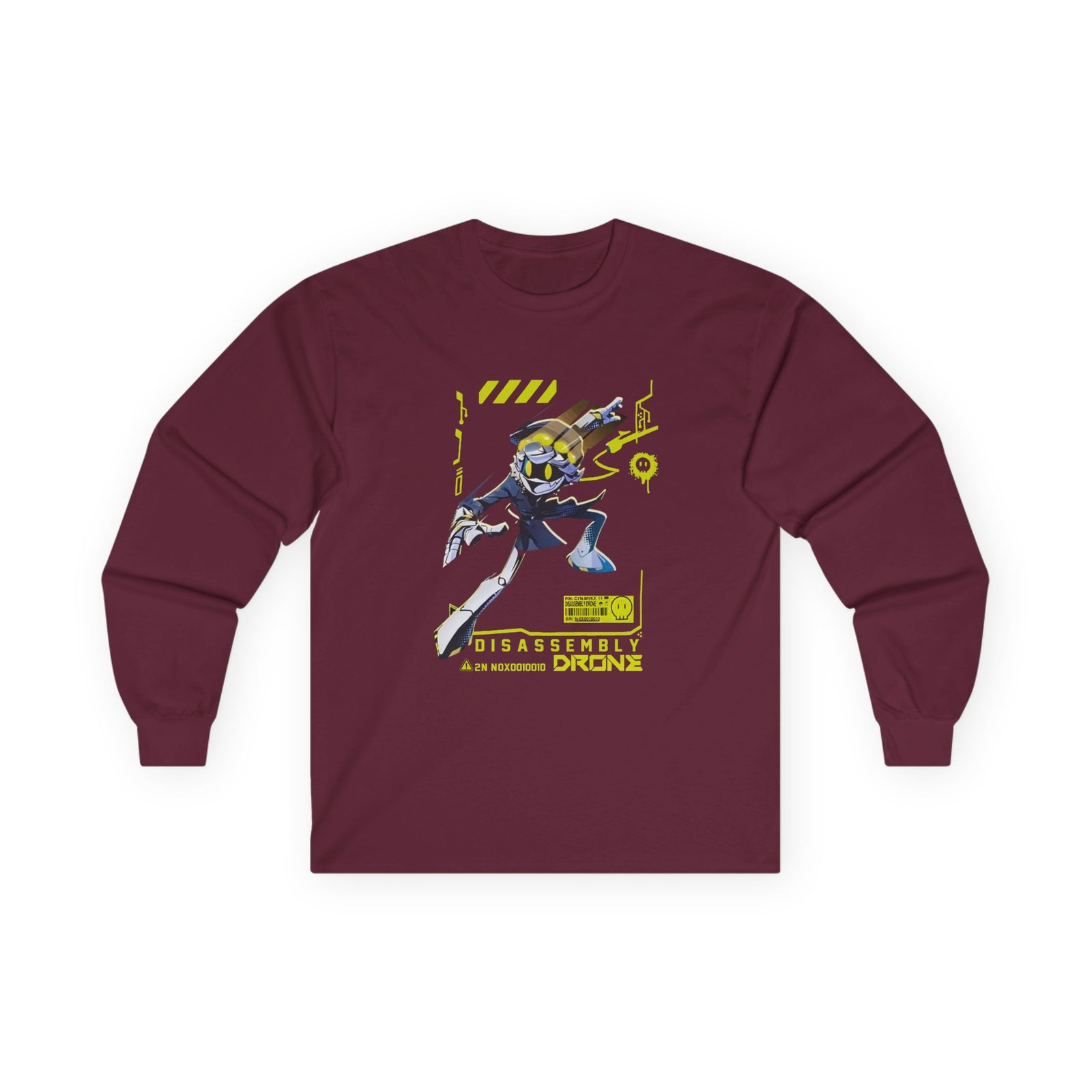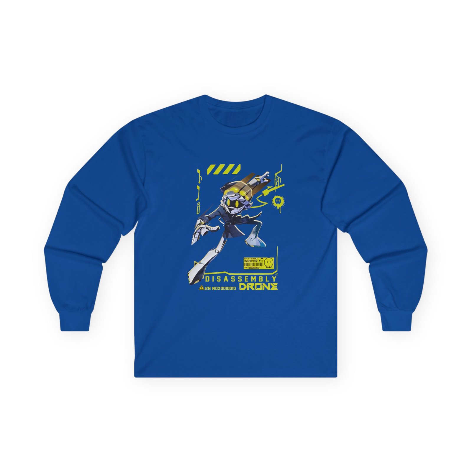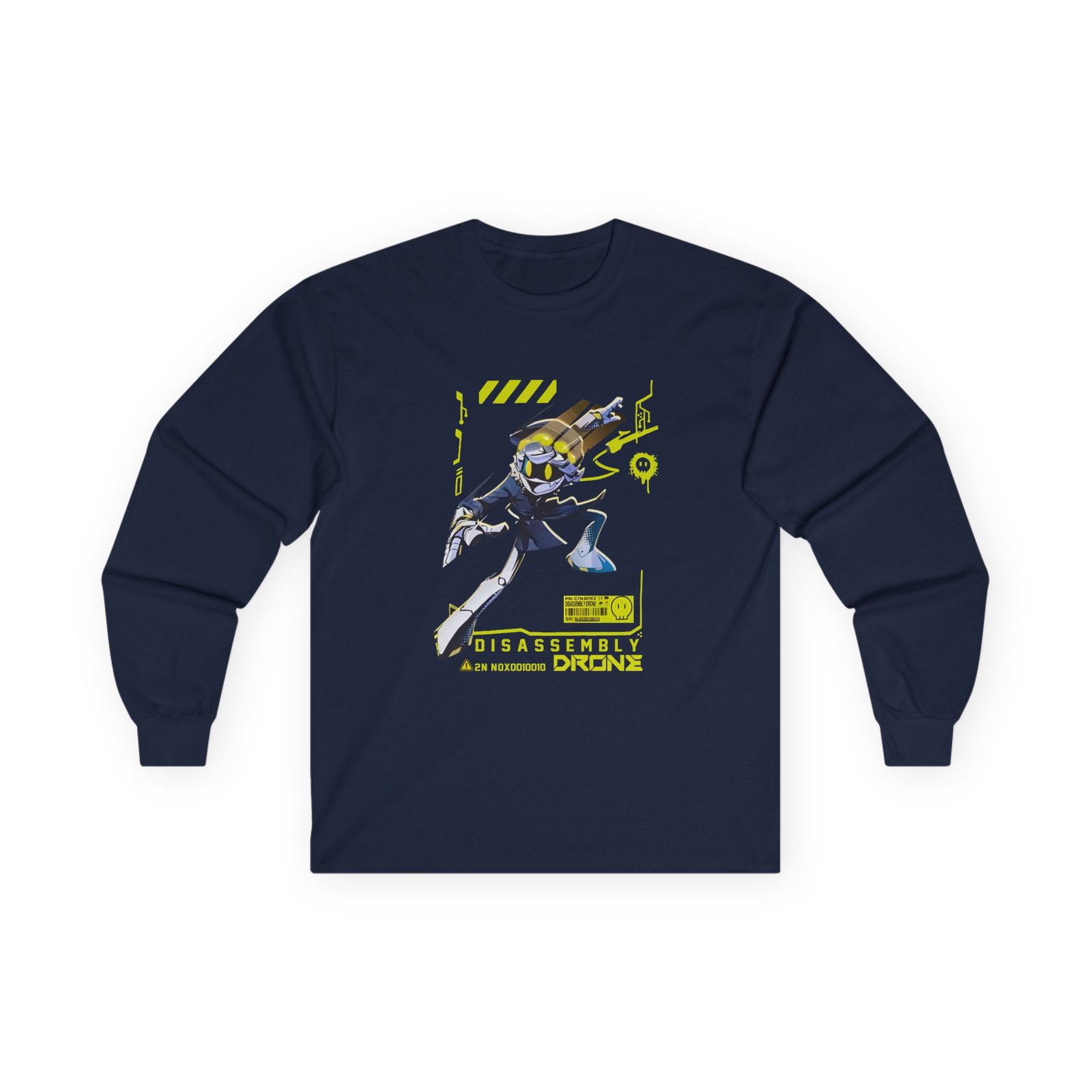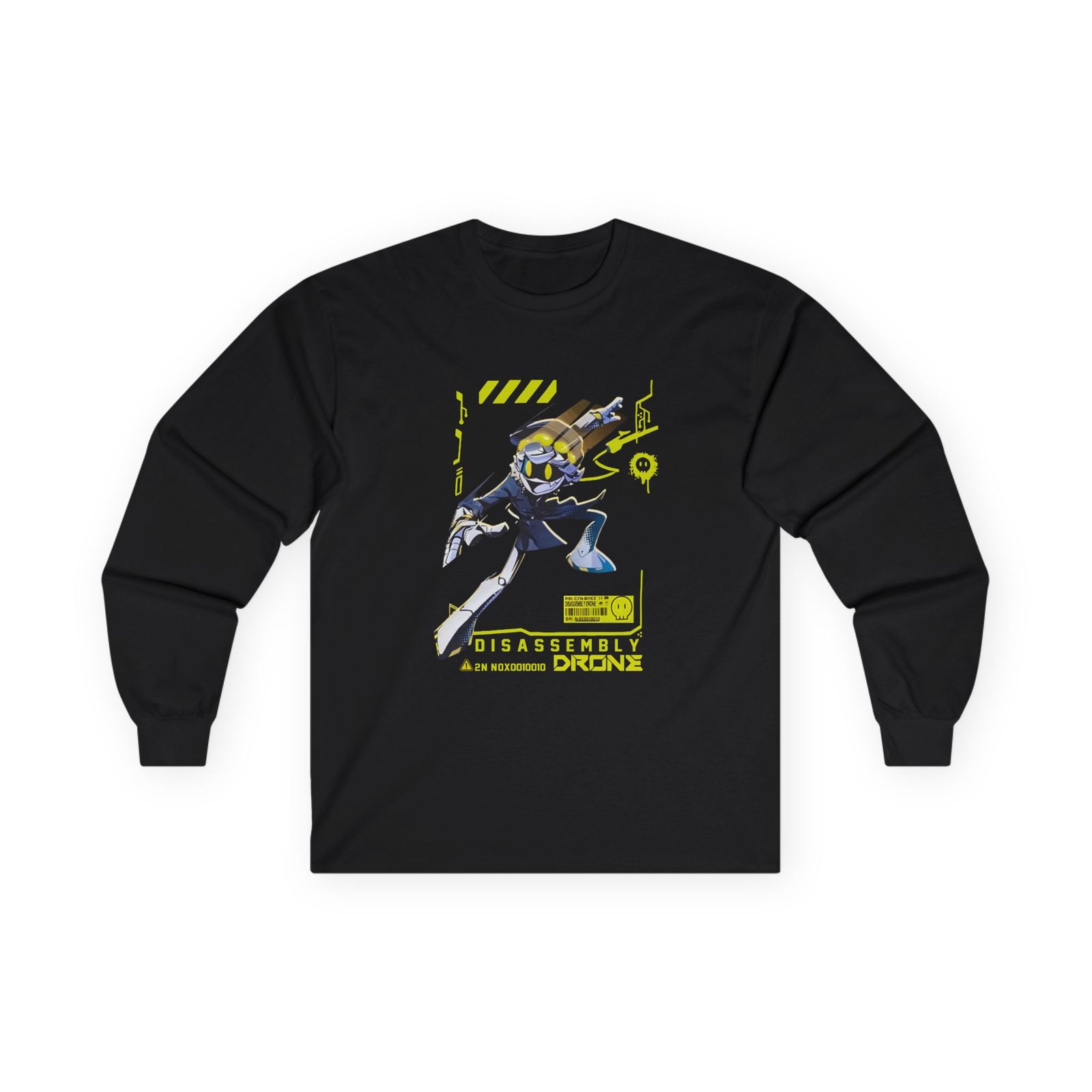 A bit more formal than a standard-issue t-shirt, the Murder Drones N ultra cotton long sleeve tee is a clear comfort winner. The sleeves also act as a nice frame. There are no side seams. The shoulders are taped for improved durability. This makes for a good fitting around the shoulders and neck. The cotton used for these shirts is environmentally friendly.
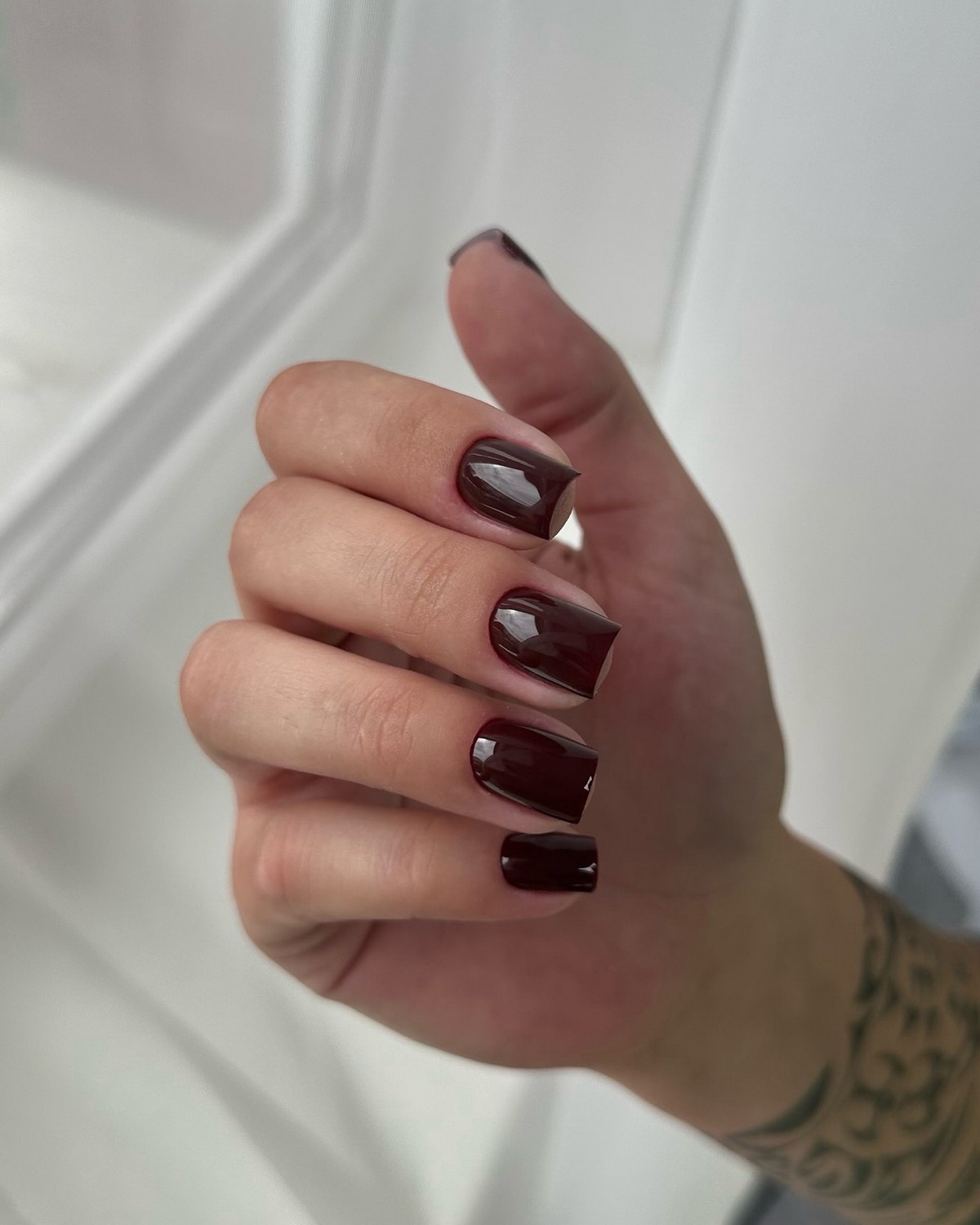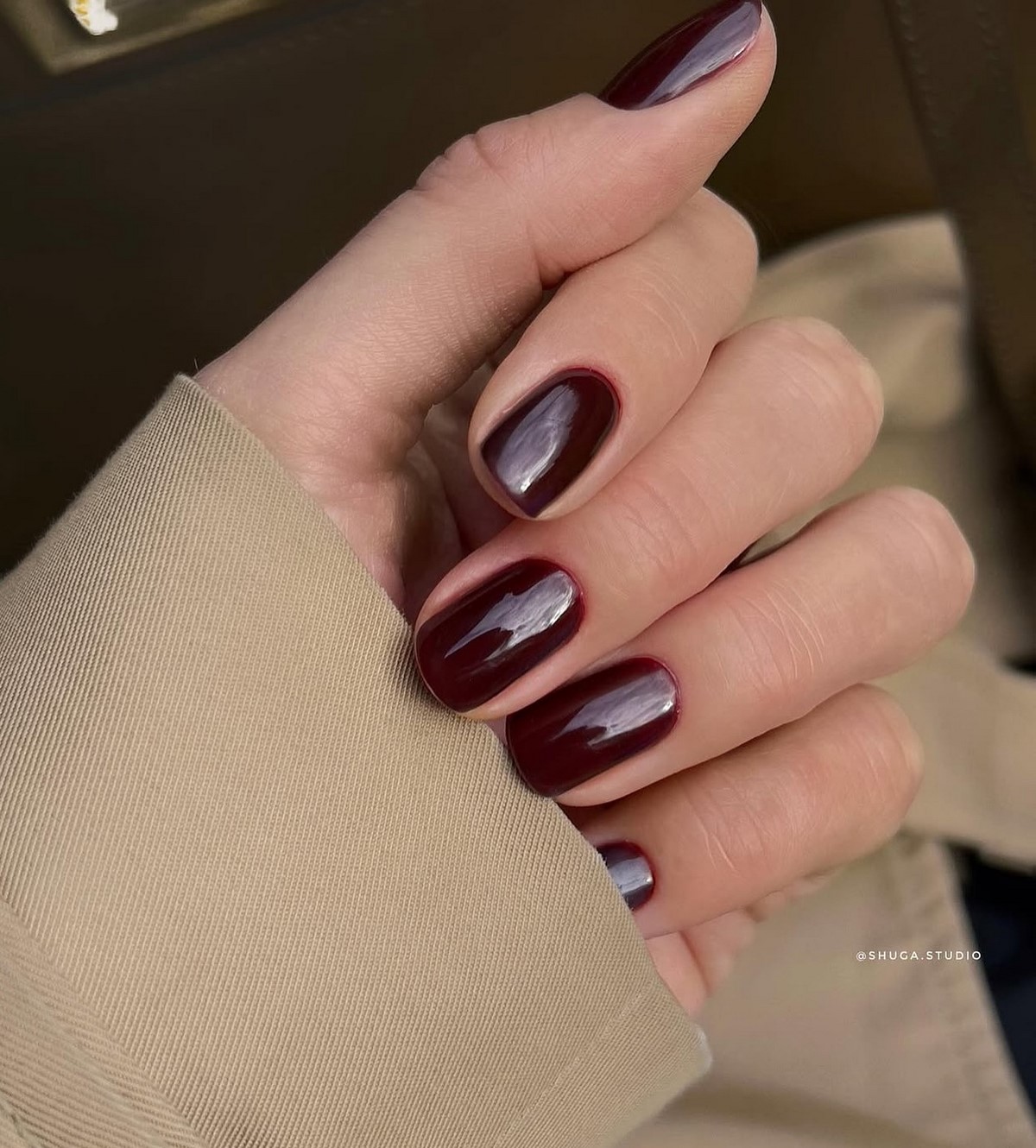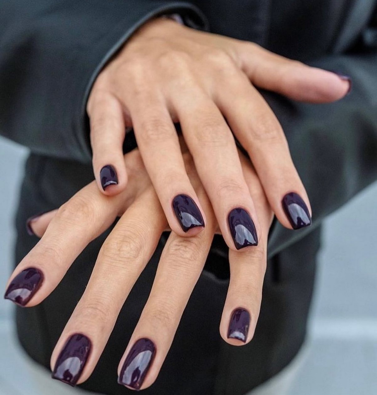 Сливовый оттенок сочетает в себе загадочность фиолетового и элегантность бордового, создавая уникальный цвет, идеально подходящий для холодного сезона. Этот глубокий и насыщенный тон прекрасно дополняет зимний гардероб и подходит практически всем цветотипам внешности. Сливовый маникюр может быть дополнен глиттером или голографическими элементами для создания более праздничного образа. Особенно эффектно этот цвет смотрится в матовом исполнении, подчеркивающем его благородство.
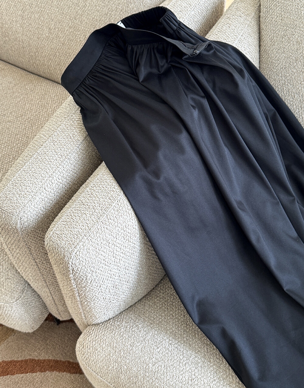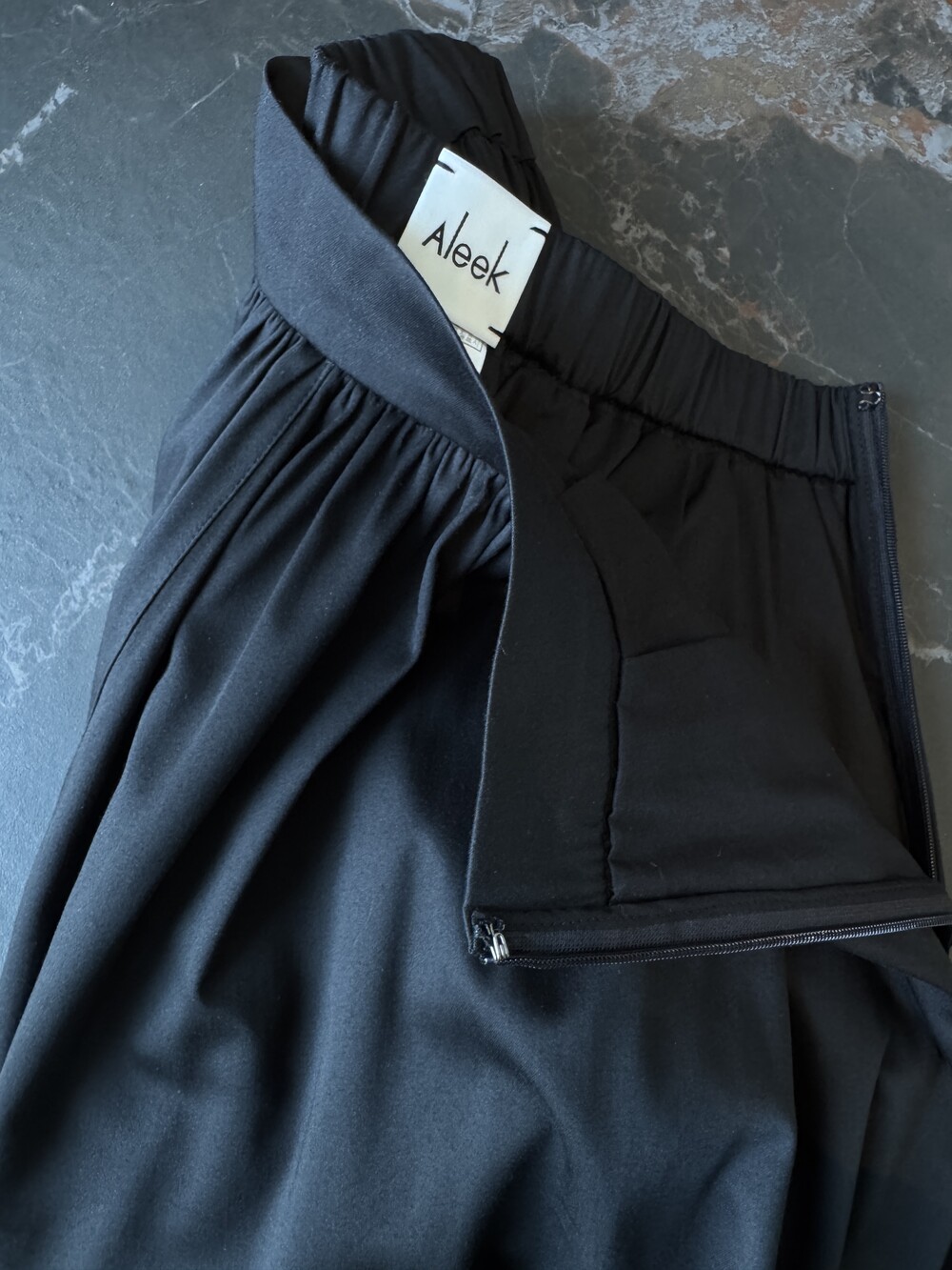 허리단 아래로 잔잔하게 들어간 주름은 주름의 모양을 하나하나 잡아 작업하는 핸드작업 방식으로 많은 양의 원단의 주름이 뭉치지 않으면서 한층 더 자연스럽고 원단의 흐름에 거스르지 않게 라인이 한층 더 예쁘게 떨어질 수 있게 작업을 하는데 신경을 썼습니다.

——————————

Work request
From the line containing "Сливовый оттенок сочетает" down to the end of the data above, reproduce each line exactly; no pictures.

Reply to the task
 Сливовый оттенок сочетает в себе загадочность фиолетового и элегантность бордового, создавая уникальный цвет, идеально подходящий для холодного сезона. Этот глубокий и насыщенный тон прекрасно дополняет зимний гардероб и подходит практически всем цветотипам внешности. Сливовый маникюр может быть дополнен глиттером или голографическими элементами для создания более праздничного образа. Особенно эффектно этот цвет смотрится в матовом исполнении, подчеркивающем его благородство.
 허리단 아래로 잔잔하게 들어간 주름은 주름의 모양을 하나하나 잡아 작업하는 핸드작업 방식으로 많은 양의 원단의 주름이 뭉치지 않으면서 한층 더 자연스럽고 원단의 흐름에 거스르지 않게 라인이 한층 더 예쁘게 떨어질 수 있게 작업을 하는데 신경을 썼습니다.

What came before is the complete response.